The crystallographic nature of CHF was characterized by exploitation diffraction. The diffractograms for CHF are shown in Figure 8 and Figure 9, and these composites have semi-crystalline properties. The optical phenomenon peak for 2θ was determined to be between 20 and 24, which corresponds to the polysaccharide crystallographic planes (002) [39,40]. The fabric diffraction peaks are caused by crystallinity scattering, whereas disordered areas cause the diffuse background. Fibers demonstrated 50% crystallinity using this approach.

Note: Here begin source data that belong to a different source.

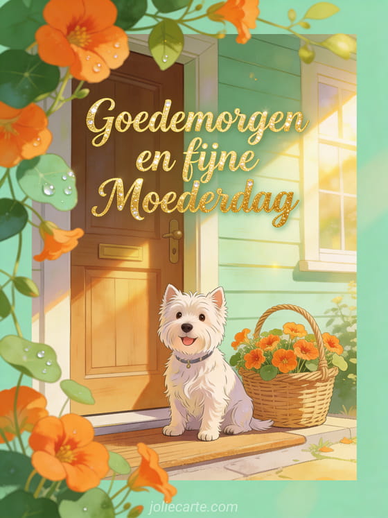 Begin haar bijzondere dag met een hartelijke goedemorgen fijne moederdag wens. Deze vrolijke geïllustreerde kaart toont een westie hond op de drempel met felgekleurde capucines. Ontdek ook een gratis moederdagkaart of een gratis virtuele moederdagkaart.
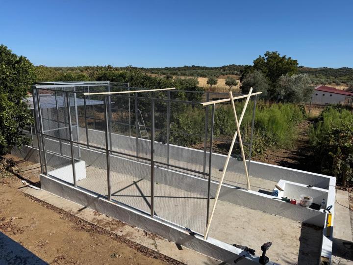 Voor de volière zullen we in Nederland alle nog te plaatsen volièredelen zoveel mogelijk voorbereiden. Ter plekke hoeven we dan alleen alles te plaatsen en de finishing touch toe te voegen. Schatting is nog 3 tot 4 dagen werk op locatie (als alles goed voorbereid is).
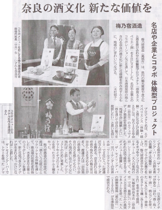 梅乃宿酒造が新たに開始する、奈良県内の観光資産や食文化と酒を掛け合わせた体験型プロジェクト。
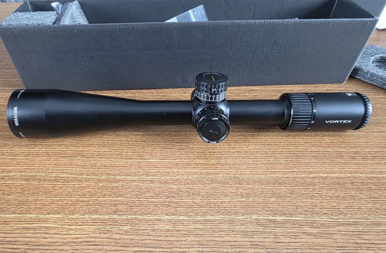 Mounted on one of my rifles then removed and replaced before I shot it. In box with Sunshade, lens covers and items as new.
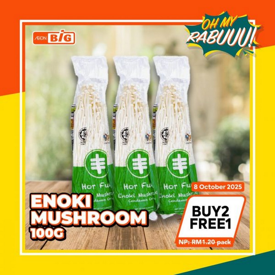 Mushrooms are a versatile ingredient for stir-fries, soups, and stews, and AEON BiG makes it even more enticing with a Buy 2 Free 1 offer on Enoki Mushroom 100g packs (originally RM1.20 each). This deal ensures shoppers get extra value while preparing their favourite dishes.

Figure 8 illustrates an XRD pattern of treated CHF with a broad and robust peak centered at 2θ = 20°, and Figure 9 depicts a weak peak at 42° [39,40]. When compared to the diffraction peaks of treated and untreated CHFs and composites, it is clear that composites exhibit diffraction (XRD) patterns similar to the matrix. The composites have firm peaks of about 20–24°, corresponding to treated and untreated samples. On the other hand, a very modest peak at 2θ = 38° belonging to CHFs was seen exclusively for composites containing 25 wt% fiber. Every result showed that the CHF particles were well disseminated in the chemical systems.

4. Conclusions

Composites of high-density polyethylene/coffee husk (HDPE/CH) reinforcement material made from post-industrial waste coffee husk (CH) were prepared and analyzed. The mechanical properties of CH polymer composites, such as tensile, flexural, and impact strength and water absorption, were investigated in this study. The coffee husk fibers (CHF) were successfully manufactured at 25 wt%, 20 wt%, 15 wt% fiber and 65 wt%, 70 wt%, and 75 wt% polymers. Based on the findings of the initial study, the following conclusions can be reached:

• We prepared and analyzed HDPE functionalized organic reinforcement CH from a coffee industry post-industrial residue.

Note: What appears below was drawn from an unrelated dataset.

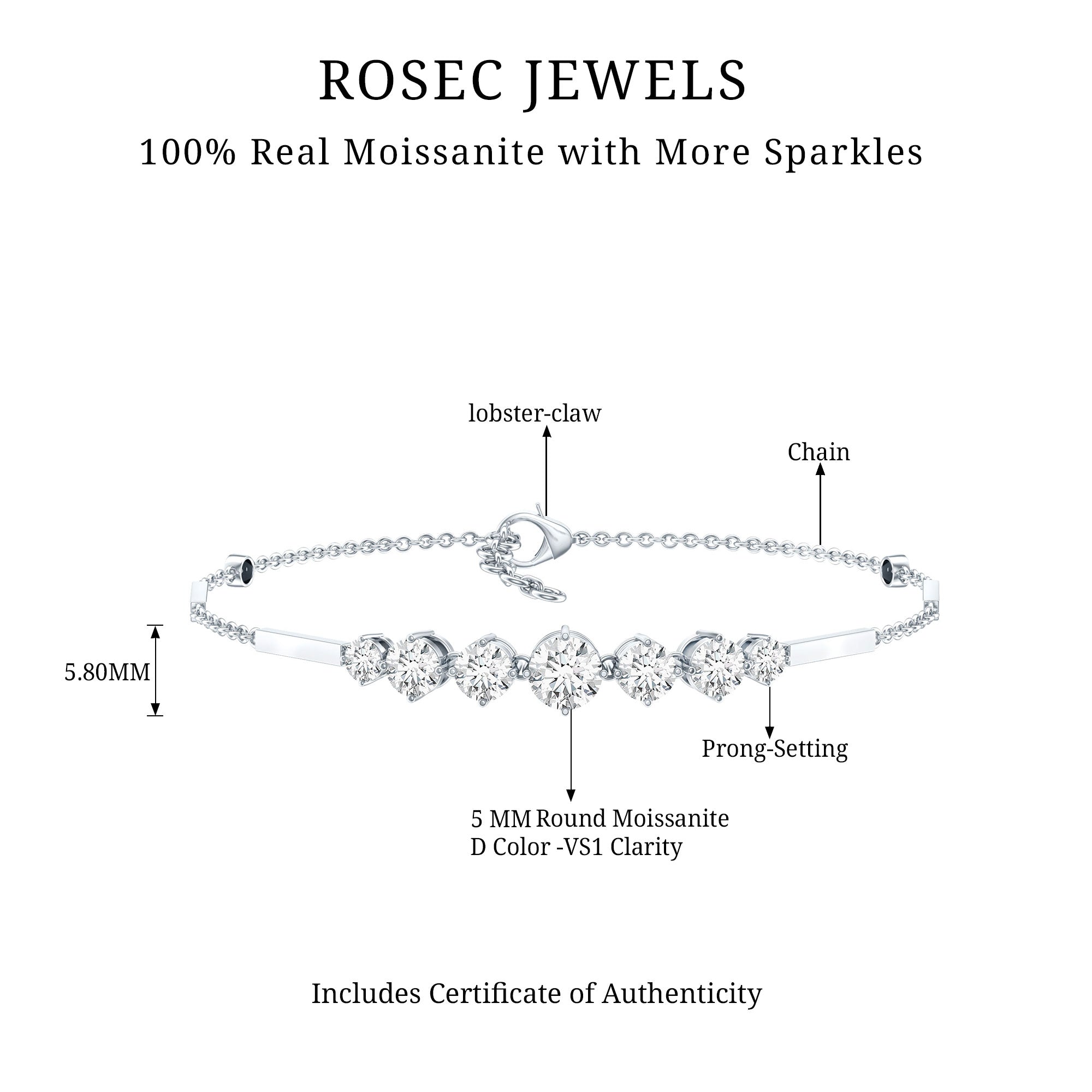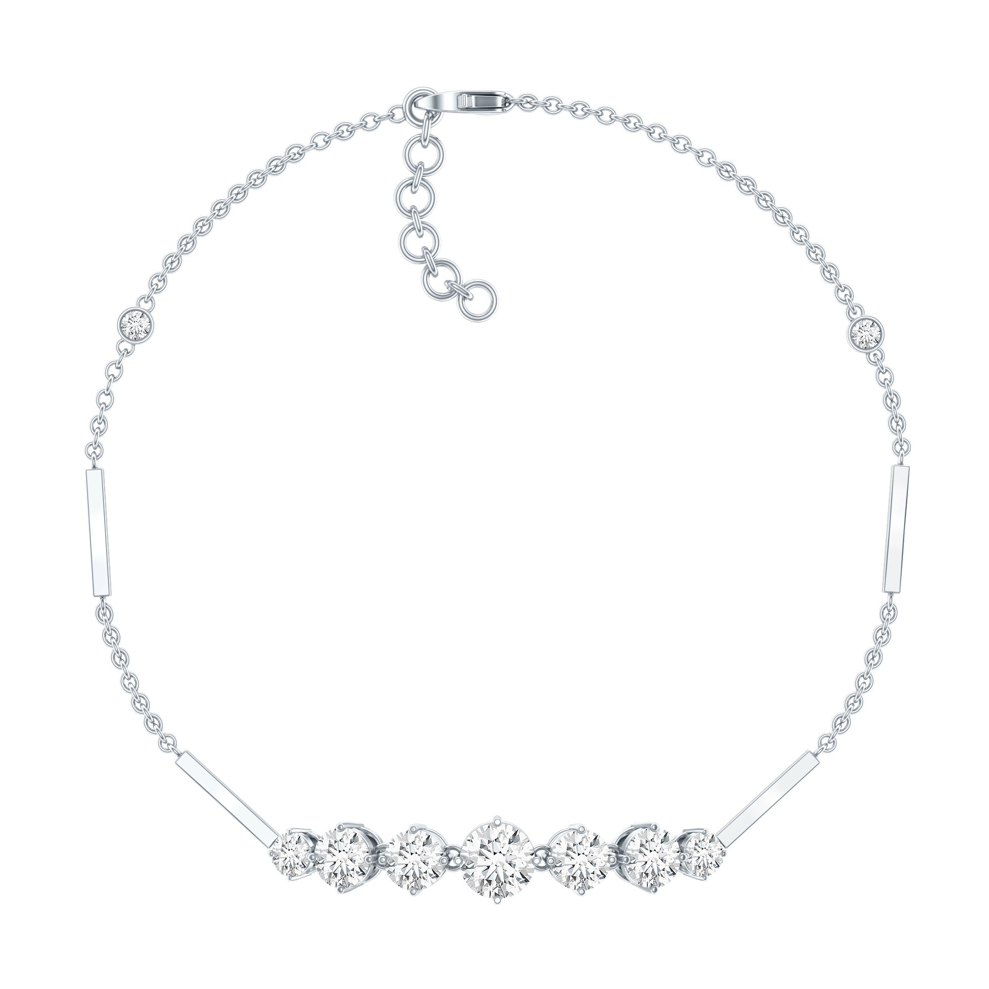 Graduated Style Round Moissanite Link Chain Bracelet for Women

• The results demonstrate an appropriate reinforcement effect, as evidenced by increased tensile modulus and tensile strength.

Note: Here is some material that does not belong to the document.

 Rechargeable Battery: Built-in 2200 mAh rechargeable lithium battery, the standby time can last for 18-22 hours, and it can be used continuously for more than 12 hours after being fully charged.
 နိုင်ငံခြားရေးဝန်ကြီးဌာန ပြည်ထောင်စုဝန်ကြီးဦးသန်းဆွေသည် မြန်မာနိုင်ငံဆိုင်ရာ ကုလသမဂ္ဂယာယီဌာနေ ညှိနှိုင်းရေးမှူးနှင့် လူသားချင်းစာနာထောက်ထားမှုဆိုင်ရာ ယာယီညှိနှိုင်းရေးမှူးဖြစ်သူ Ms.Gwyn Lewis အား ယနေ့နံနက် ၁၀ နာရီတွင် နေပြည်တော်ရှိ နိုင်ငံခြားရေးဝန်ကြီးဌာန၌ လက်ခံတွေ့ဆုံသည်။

• These composites’ improved mechanical properties make them suitable for various applications.
• The organic reinforced composites behaved differently, increasing melting temperature and decreasing crystallization.
• ABS was grafted into HDPE macromolecules to enhance matrix-filler compatibility.
• The SEM image can be used to determine the failure mechanism of composites.
• The effects of CHF loading content and the addition of a coupling agent, acrylonitrile butadiene styrene (ABS), on composite processing and properties were investigated.
• This study’s findings can help determine the best weight ratio for developing CH polymer composites for various applications.